Is it? Why has pretty much every government during my lifetime continually undermined families, communities and (apart from one or two) the nation? The destruction of families & the nation & some communities is explicit policy of most of the left and others.

Last edited 3 years ago by LUKE LOZE
Charles Stanhope
Charles Stanhope
3 years ago
Reply to  LUKE LOZE

The unwritten covenant between the ruled and their rulers was shattered in the catastrophe of 1914-18, and has yet to be adequately repaired.
Perhaps it never will.

Galeti Tavas
Galeti Tavas
3 years ago

In a way, maybe. What happened was the Commies in that era. That pernicious system was established in Russia, and if you do not know what Communists at that time were thinking it is not the sanitized version today represented by Hard-Lefty/Liberalism, the smiling face mask covering the cruel face.

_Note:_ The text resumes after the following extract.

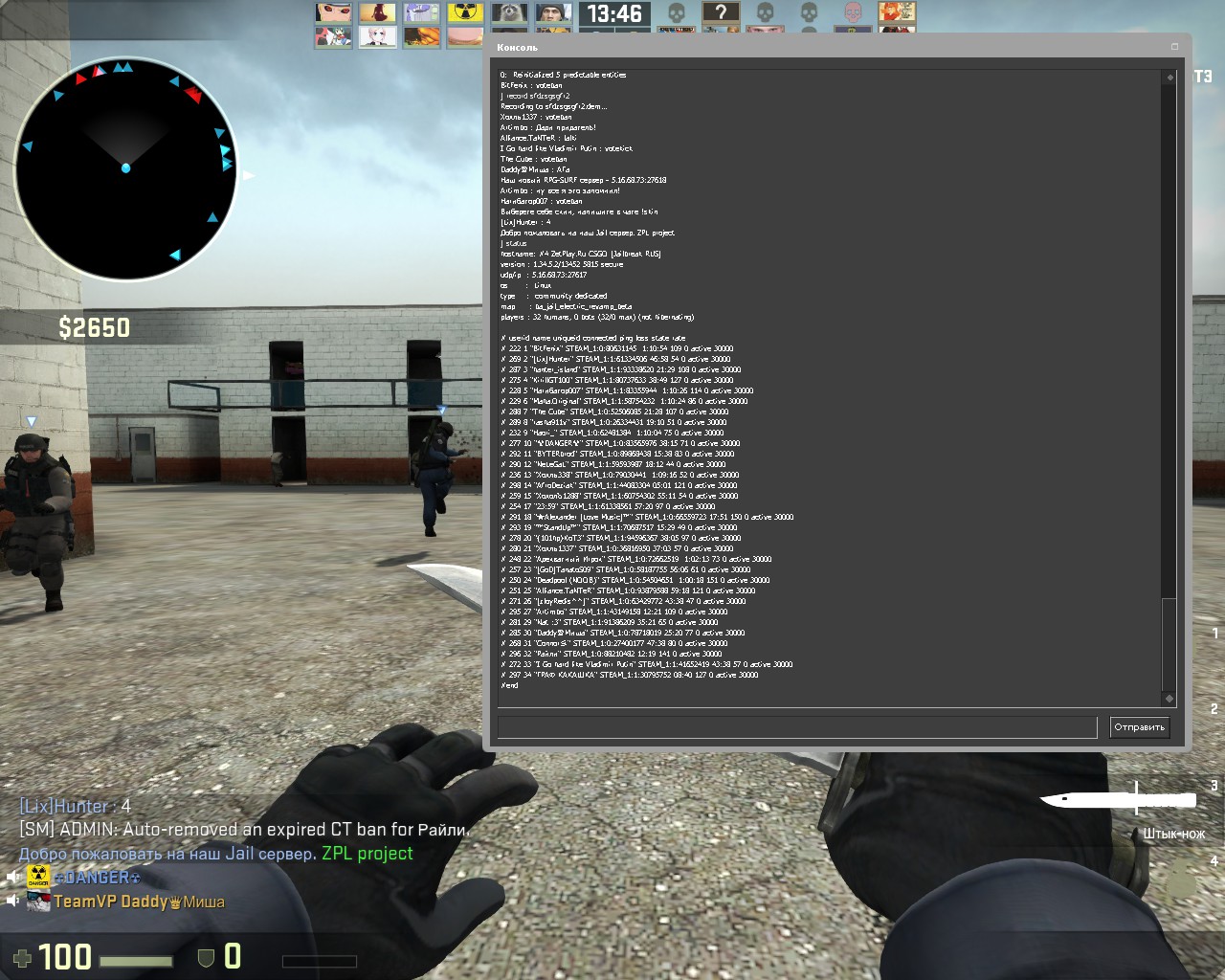Заголовок сообщения: "NeLeGaL" STEAM_1:1:59593987

The whole academia was swept with a pro-Marxism, the Unions, their mission began of destroying the Capitalist system, and thus the British.

Most people in the West came out of WWI with increased patriotism, a wish to make the system they saved become better – but those enemies within the gates, 5th column, commies began their gnawing at the hull of what made the West great, and now have gotten to the point water is spraying into the hull of State. You want a cause of it all? Communism being taken up by Academia.

Orwell was a strong socialist but saw this. He gave powerful warnings of the University commies, he used 1984 to show how it worked, and the destruction of the family was the CORE, and destruction of the community, destruction of Religion, destruction of all which was decent.

Paul N
Paul N
3 years ago
Reply to  Galeti Tavas

It’s hard to tell what you may have meant by this:

The whole academia was swept with a pro-Marxism, the Unions, their mission began of destroying the Capitalist system, and thus the British.

but it seems to be dual claim that there was a great deal of communist influence in academia in the immediate post-revolution period (which is arguably true), and that the aim of Unions was to destroy “the capitalist system and thus the British” which is pretty much rubbish.
Unions were about protecting the interests of workers against exploitative employers. Arguably, preventing exploitation, and building fairer workplaces, strengthened British society.
While there would have been union members and organisers who drew inspiration from some (admittedly noble) goals of revolutionary communism, particularly before their blood-soaked tyranny became apparent, most were patriotic British citizens with no desire to destroy the country or its people. In fact, the Union movement was particularly strong in the chapels of Welsh Methodism (who were hardly all rabid communists).
Not sure why you feel the need to demonise those who fought against injustice. It it something in your own political position?

Last edited 3 years ago by Paul N
David Bouvier
David Bouvier
3 years ago
Reply to  Paul N

“some union members and organissers who drew inspiration from” Communism understates the case. There were plenty of unions significantly under the sway, overt or covert of revolutionalry commnuists. Back when revolutionary commuism was real and not a chic affectation for students.
And yes plenty of patriotic British socialists fought hard against them. The loathing of these people was still visible in for example, Kinncok’s Liverpool speech.

Andrew D
Andrew D
3 years ago
Reply to  LUKE LOZE

Agreed, but that doesn’t of course negate Danny K’s thesis. As suggested by Alison H below, this sounds like the great reset according to Roger Scruton and Prince Charles – which to my mind is No Bad Thing.

LUKE LOZE
LUKE LOZE
3 years ago
Reply to  Andrew D

It doesn’t negate his ideas/aims – which generally seem good. But it’s not very clear whether that’s his view of what politics is, or what it should be about.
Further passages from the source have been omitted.